You’ve been through good times and bad times together. You’ve bonded over road trips and fought over flat tires. But there comes a time in every car’s life when it can no longer satisfy the needs of its owner. But for many college students, buying a new car is not an option, but you can trade in for a used one. Scared you’re gonna get jipped? Here’s some things you need to know.
Selling your old vehicle
You will probably get more money by selling yourself. However, when selling your own car (if it’s not completely paid for), make sure you know how much you still owe. Call the lien holder and ask what the 10 and 30-day payoff amounts are. You need to figure out if you can feasibly sell the car for more than you still owe on it. If you can’t make enough after the balance of what you owe, then you may want to look at trading it in to the professionals.
After the old car is out of the way, you’ll shop around and want to negotiate the price. Most dealers put a $3,500 – 5,000 mark-up of what they pay on the vehicle, giving them more negotiating room. So they could have a used car that’s worth $6,500 marked for $10,000. Do some research on the car you want.

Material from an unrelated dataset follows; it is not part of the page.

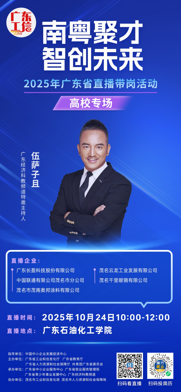 2025年广东省直播带岗活动将在2025年7月-12月开展40场线上招聘会。本次活动由中国中小企业发展促进中心指导,广东省工业和信息化厅、广东省教育厅、广东省人力资源和社会保障厅、共青团广东省委员会联合主办,广东省中小企业服务中心、广东省就业服务管理局、广东省青少年事业发展中心、广东经济科教频道共同承办。

A good place to go is MSN’s Carpoint. Carpoint describes the car’s safety and reliability and lists other people’s comments. Nada.com is a Web site that Alaska banks and dealers use to find the value of the car – they don’t use the Kelley Blue Book. You can also ask a dealer for a copy of the NADA print out and a copy of the carfax. The carfax will tell you if the vehicle has had any problems, such as flood damage, odometer fraud or any major accidents. This helps insure you aren’t buying a lemon.
The next thing is to get your own financing. This prevents the dealer from making even more money, that you won’t even know about. The way this works is you go to a dealership to buy a car, you decide to finance through the dealer, they send the contracts to the bank, if the banks approve the contract they’ll tell the dealership they will buy the contract at, say, 9 percent interest, the dealership then will tell you that you got an interest rate of 11 percent this is called a two point spread, the money in that 2 percent interest goes to the dealership, this usually can be between $500 to $2,500. So although it may seem like a hassle to go to the bank and get the financing yourself, it is worth your while.
Before you can drive your new used car off the lot you must have full coverage insurance. If you buy it from the dealer, it will be more expensive. Shop around. Having insurance if your car is totaled in an accident will make up the difference from your regular insurance. Regular insurance only pays what the car is worth – a value that goes down faster than you can pay for the car.
If you’re not sure ask questions. If it doesn’t feel right, it’s probably not. Good luck on purchasing your new used car.